In attempt to increase inclusivity on campus, the Grinnell College administration has unveiled a new social media platform, Plans First, which will unite current students with alumni who have engaged in blatant racism and harassment of students based on race, gender, or sexual orientation.
“For all the talk about openness on this campus, there is not a real platform for people to spew their hateful rhetoric or engage in appalling acts” said the Dean of Students “This can make students feel insecure and unsafe. By connecting them with alums who have engaged in these acts and still found success post-Grinnell, we hope to empower students to express their true selves and hide no longer.”
“As someone who has felt afraid to harass interracial couples with my bros in some classic banter, the existence of Plans First is a step in the right direction.” Says Stephen Yosefian ’19. “But it is only a step – this small battle might have been won, but the war is far from over.”
Plans First, in addition to providing networking features, will feature threads, which administrators hope students will be able to use to answer questions like how to deal with social expulsion when you have done a crime most people on campus consider heinous, or how to unapologetically deny involvement in said actions to as to be invited back to the Grinnell College community 50 years later.
The student body has had a mixed reaction to the announcement.
“Well, fascists have a right to express themselves.” Isaac Stelberg ’20 said. “Does my right to not be beaten up trump their freedom of speech?
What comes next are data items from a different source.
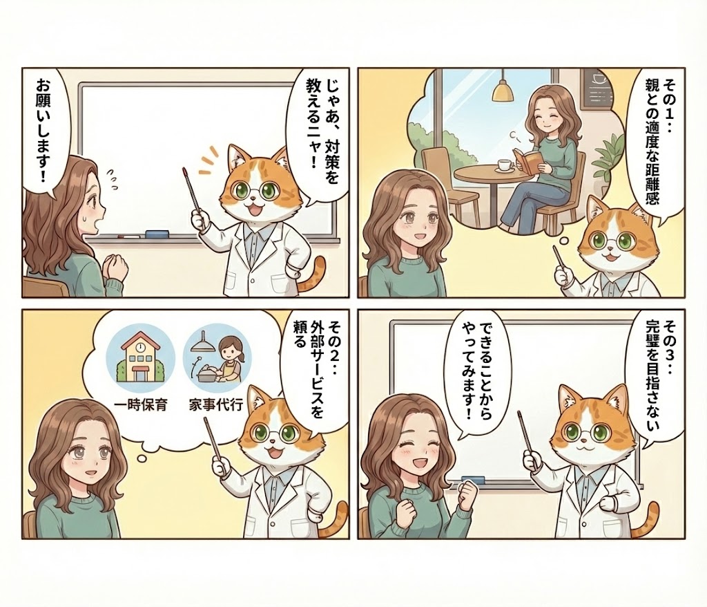 あなたの親との関係性を理解し、必要であれば「適度な距離(スープの冷めない距離)」を保つことに協力的な人を選ばなければ、また同じストレスのループにハマってしまうにゃ。
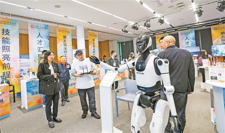 活动现场亮点纷呈。在深圳人才公园深爱人才厅,国家级重大主题展览“一带一路”中国技术技能主题展首次在深设展,生动呈现技能人才在“一带一路”共建国家基础设施建设、产业技术升级、技能人才培育等领域的实践历程。活动现场设置技能成果展区,共67家单位集中展示深圳技能人才在高端制造、人工智能、生物科技、民生热点、非遗传承等领域的技术技改成果。“‘机’动未来·匠星闪耀”机器人技能表演赛开赛,来自十余家公司的机器人轮流登场,同台竞“技”,展示前沿技能魅力。
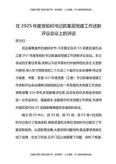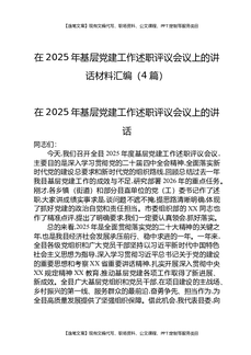 在2025年基层党建工作述职评议会议上的讲话材料汇编(4篇).docx
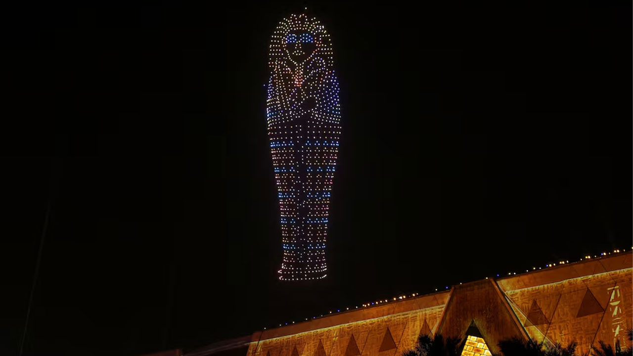 Spectators including President Abdel Fattah al-Sisi gathered late on Saturday before an enormous screen outside the museum, which projected images of the country’s most famous cultural sites as dancers in glittering pharaonic-style garb waved glowing orbs and scepters.
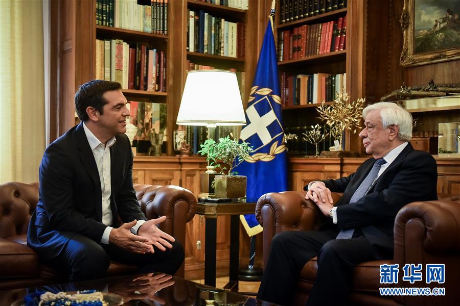 6月12日,在希臘雅典,希臘總理齊普拉斯(左)向希臘總統帕夫洛普洛斯通報他與扎埃夫的通話情況。新華社發(馬里奧斯·羅洛斯攝)
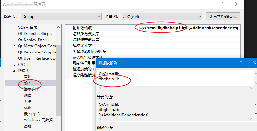 lib配置: 项目-->属性-->配置属性-->链接器-->输入-->附加依赖项 增加dbghelp.lib
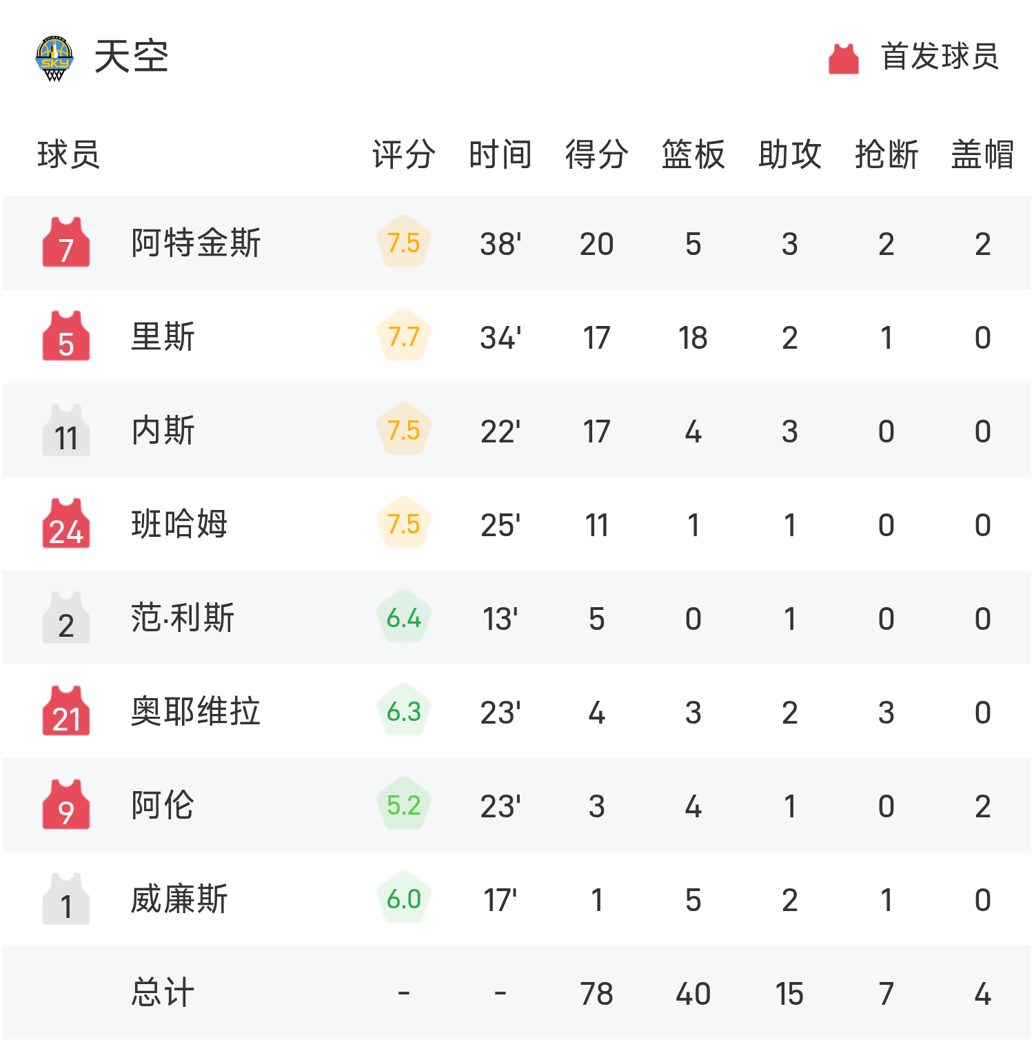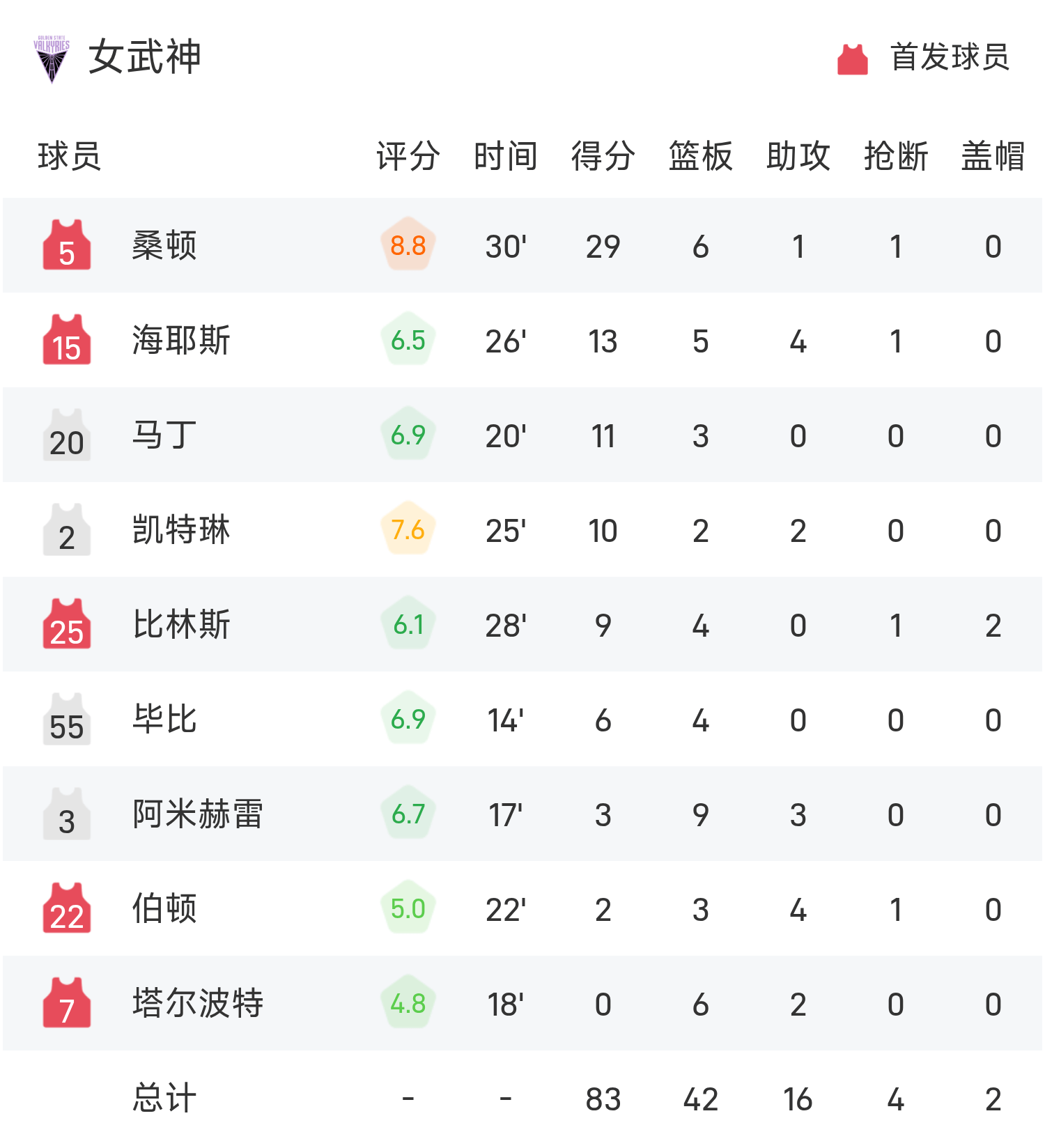 WNBA比赛报告:桑顿29分6篮板,阿特金斯20分,女武神83-78力克天空
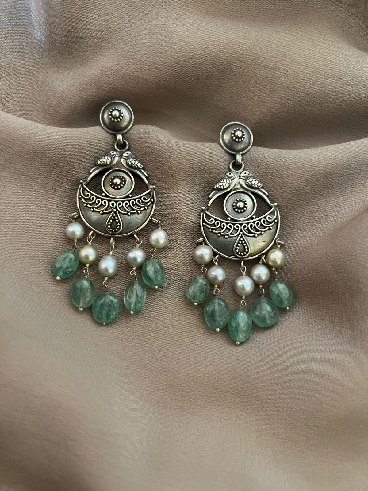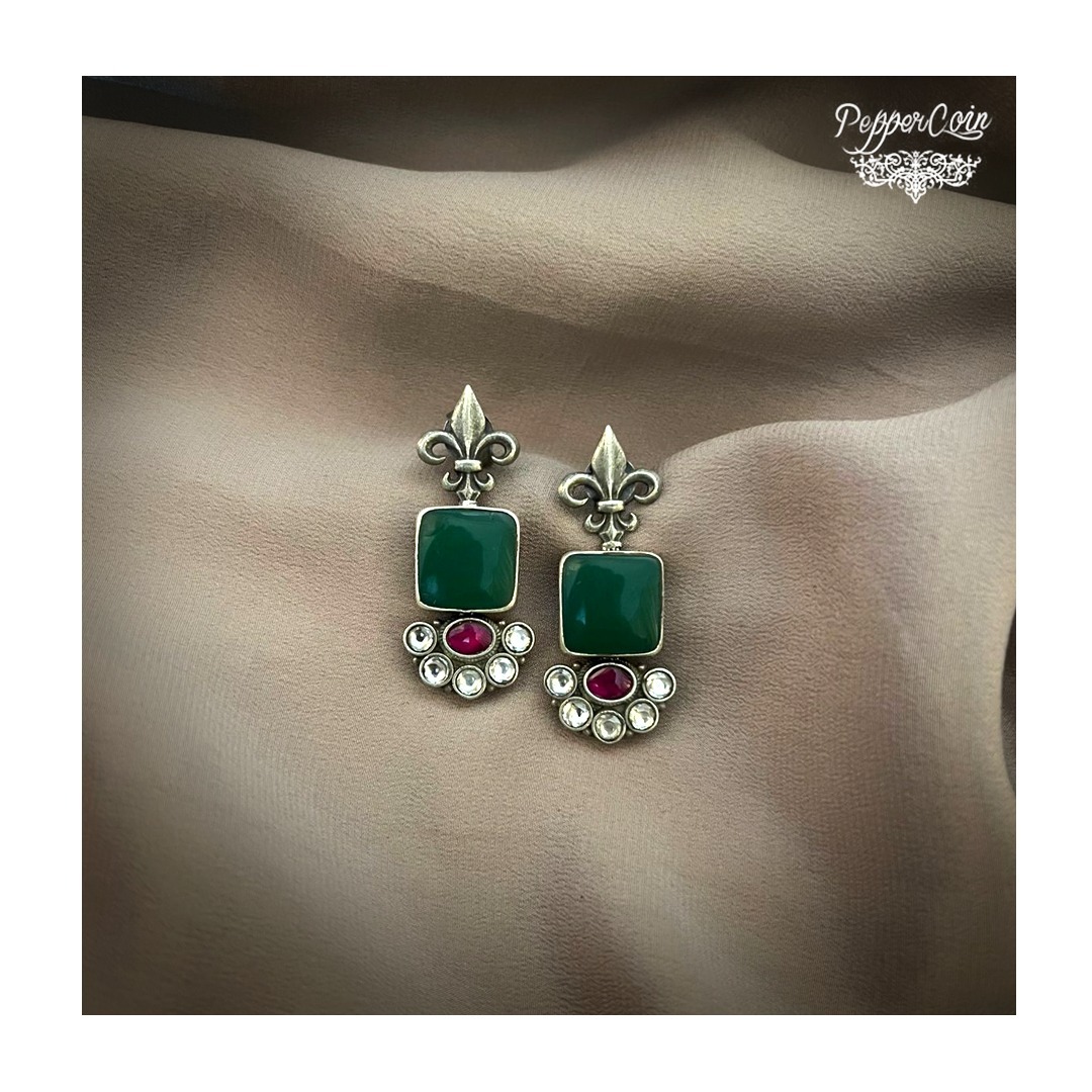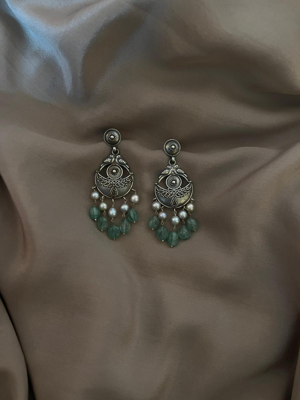 Nazm Collection Amalgamation of old and new world Fastening : Stud Length : 8.5cm Width : .8cm Material : 92.5 Silver Stone
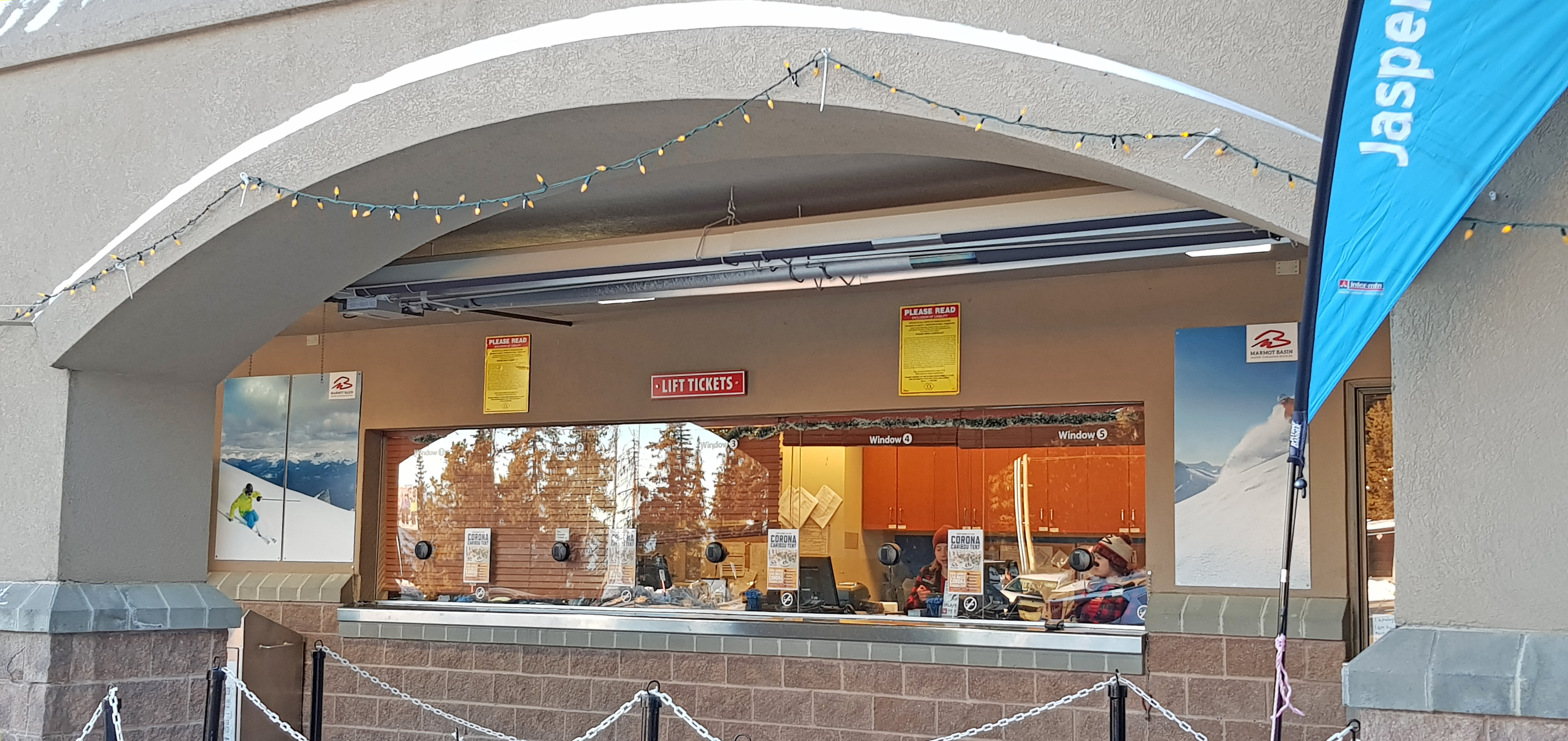 Ticket booth at the entry to Marmot Basin. © Skigebiete-Test/k.huber

I don’t think so. That sounds like censorship right there. And the last thing we want is a vicious autocratic state limiting people’s freedom and their rights.”
Others have lobbied several complaints to the administration, which Presidente Reytoncito was quick to respond to.
“I understand the argument that there is fear in hearing their hateful, ugly rhetoric. But liberals need to toughen up and be open to alternative points of view. It isn’t as though rhetoric and words can actually lead to violence.” Presidente Reytoncito announced, as he and a group of volunteers tore down antifa posters in the South Loggia.